Antes de adentrarmos no artigo em si, é importante entender o que é uma "obrigação de fazer". Trata-se de um compromisso assumido por uma pessoa (física ou jurídica) de realizar uma determinada atividade, um serviço ou uma ação em benefício de outra pessoa. Exemplos incluem a construção de uma casa, a prestação de um serviço profissional, a entrega de um produto ou a realização de uma obra específica.

O Centro do Artigo 490

O artigo 490 do Código Civil estabelece que, se a prestação do fato (a obrigação de fazer) não puder ser executada por outrem, e o devedor se compadecer, o credor poderá exigir que se desfaça às custas do devedor, sem prejuízo de haver este perdas e danos.

Vamos quebrar isso em partes para facilitar a compreensão:

  1. "Se a prestação do fato não puder ser executada por outrem...": Esta é uma condição fundamental. O artigo só se aplica a obrigações de fazer que são personalíssimas. Ou seja, são obrigações que só podem ser cumpridas por uma pessoa específica, devido às suas qualidades pessoais, conhecimentos, habilidades ou talentos únicos. Pense em um artista famoso pintando um quadro, um médico renomado realizando uma cirurgia complexa ou um músico específico tocando em um concerto. Se outra pessoa pudesse realizar a mesma tarefa com a mesma qualidade, a obrigação não seria considerada personalíssima nesse contexto.

  2. "...e o devedor se compadecer...": Esta parte pode gerar alguma confusão. Juridicamente, a ideia é que, se a obrigação é personalíssima, o devedor tem um papel insubstituível. No entanto, a expressão "se compadecer" pode ser interpretada como uma situação em que o devedor, por algum motivo, não está mais em condições ou não quer mais realizar a tarefa. É como se houvesse uma desistência ou impossibilidade por parte dele.

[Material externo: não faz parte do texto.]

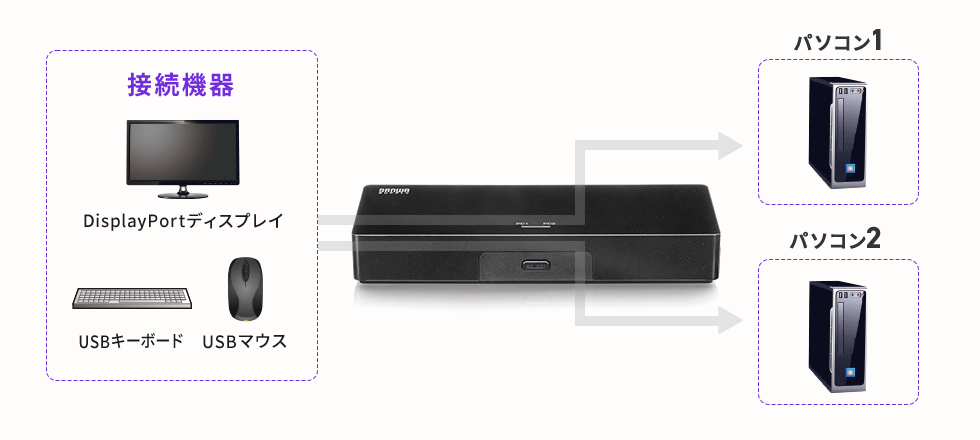 1組のDisplayPortディスプレイ・USBキーボード・USBマウスを、2台のパソコンで使用できます。

  3. "...o credor poderá exigir que se desfaça às custas do devedor, sem prejuízo de haver este perdas e danos.": Aqui estão as consequências diretas para o devedor que não cumpriu sua obrigação personalíssima:

    • Desfazer a situação às custas do devedor: Se a obrigação já foi iniciada ou gerou algum tipo de situação que precisa ser desfeita (por exemplo, se o artista começou a pintar e agora precisa que a tela seja restaurada ao estado anterior, ou se um serviço foi iniciado de forma inadequada e precisa ser desfeito), o devedor terá que arcar com todos os custos para reverter essa situação.
    • Sem prejuízo de haver este perdas e danos: Além de arcar com os custos de desfazer o que foi feito, o credor ainda tem o direito de buscar uma indenização pelos prejuízos que sofreu em decorrência do não cumprimento da obrigação. Esses prejuízos podem ser tanto materiais (custos que o credor teve que arcar para tentar resolver o problema ou para contratar outra pessoa, mesmo que não seja personalíssima) quanto morais.

Em Resumo

O artigo 490 protege o credor em situações onde a obrigação de fazer é intrinsecamente ligada à pessoa do devedor. Se essa obrigação personalíssima não é cumprida, o credor pode não apenas exigir que a situação seja desfeita (com os custos para o devedor), mas também buscar compensação pelos danos sofridos.

É importante ressaltar que a aplicação deste artigo depende da análise de cada caso concreto, especialmente para determinar se a obrigação era realmente personalíssima e quais foram os prejuízos efetivamente sofridos pelo credor.